=== What is expected ===
For the listing that follows, give again exactly the lines from the one with "Crafted with natural" to the one with "このうちイエダニ(Ornit", including both.

=== Given data ===

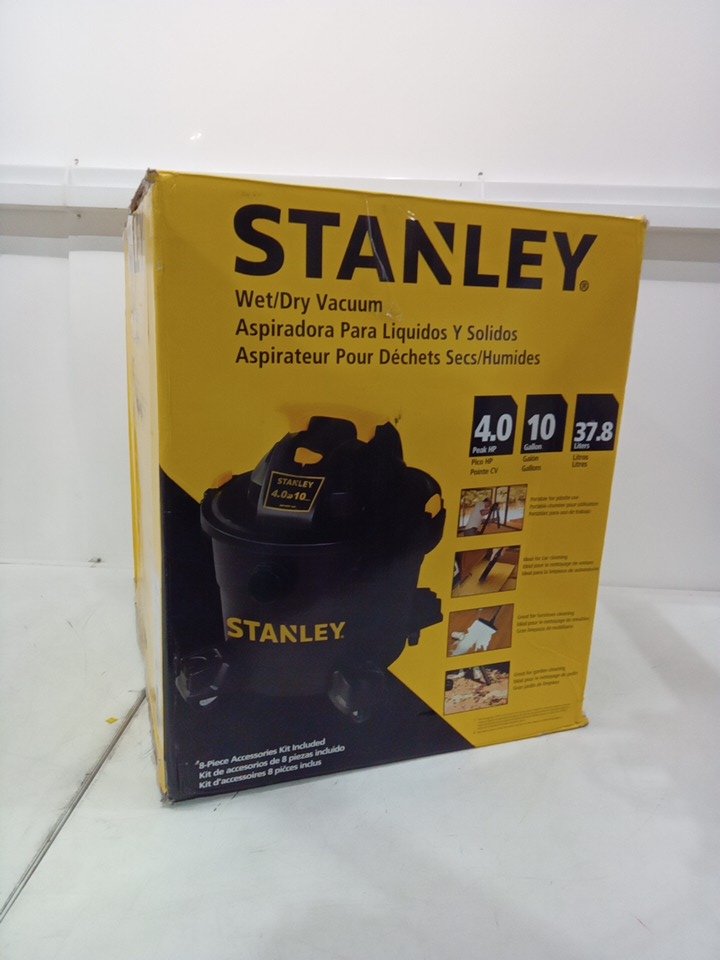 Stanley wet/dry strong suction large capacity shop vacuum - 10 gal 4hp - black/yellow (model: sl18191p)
...
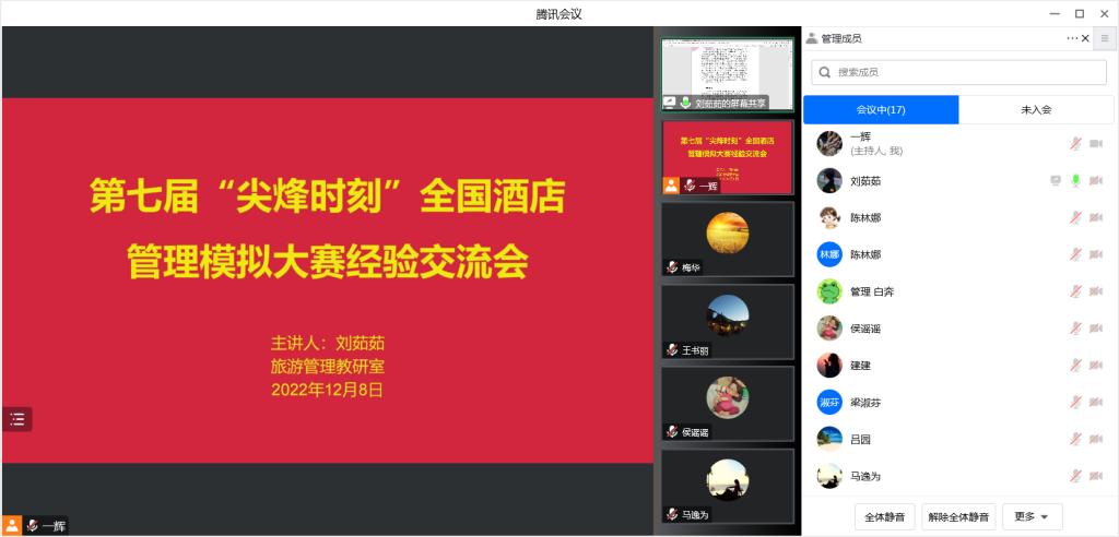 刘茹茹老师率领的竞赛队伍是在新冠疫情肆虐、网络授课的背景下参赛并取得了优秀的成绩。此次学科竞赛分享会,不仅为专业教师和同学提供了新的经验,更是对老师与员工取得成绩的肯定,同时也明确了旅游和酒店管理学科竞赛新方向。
* * *
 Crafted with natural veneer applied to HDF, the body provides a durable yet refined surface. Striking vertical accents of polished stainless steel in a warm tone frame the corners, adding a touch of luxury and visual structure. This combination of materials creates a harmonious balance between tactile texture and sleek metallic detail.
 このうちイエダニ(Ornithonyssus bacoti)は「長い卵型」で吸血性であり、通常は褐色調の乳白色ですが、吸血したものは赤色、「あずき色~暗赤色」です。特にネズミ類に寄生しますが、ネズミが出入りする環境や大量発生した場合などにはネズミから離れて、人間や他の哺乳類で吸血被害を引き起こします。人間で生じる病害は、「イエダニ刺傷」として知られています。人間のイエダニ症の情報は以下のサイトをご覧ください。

=== Exercise response ===
 Crafted with natural veneer applied to HDF, the body provides a durable yet refined surface. Striking vertical accents of polished stainless steel in a warm tone frame the corners, adding a touch of luxury and visual structure. This combination of materials creates a harmonious balance between tactile texture and sleek metallic detail.
 このうちイエダニ(Ornithonyssus bacoti)は「長い卵型」で吸血性であり、通常は褐色調の乳白色ですが、吸血したものは赤色、「あずき色~暗赤色」です。特にネズミ類に寄生しますが、ネズミが出入りする環境や大量発生した場合などにはネズミから離れて、人間や他の哺乳類で吸血被害を引き起こします。人間で生じる病害は、「イエダニ刺傷」として知られています。人間のイエダニ症の情報は以下のサイトをご覧ください。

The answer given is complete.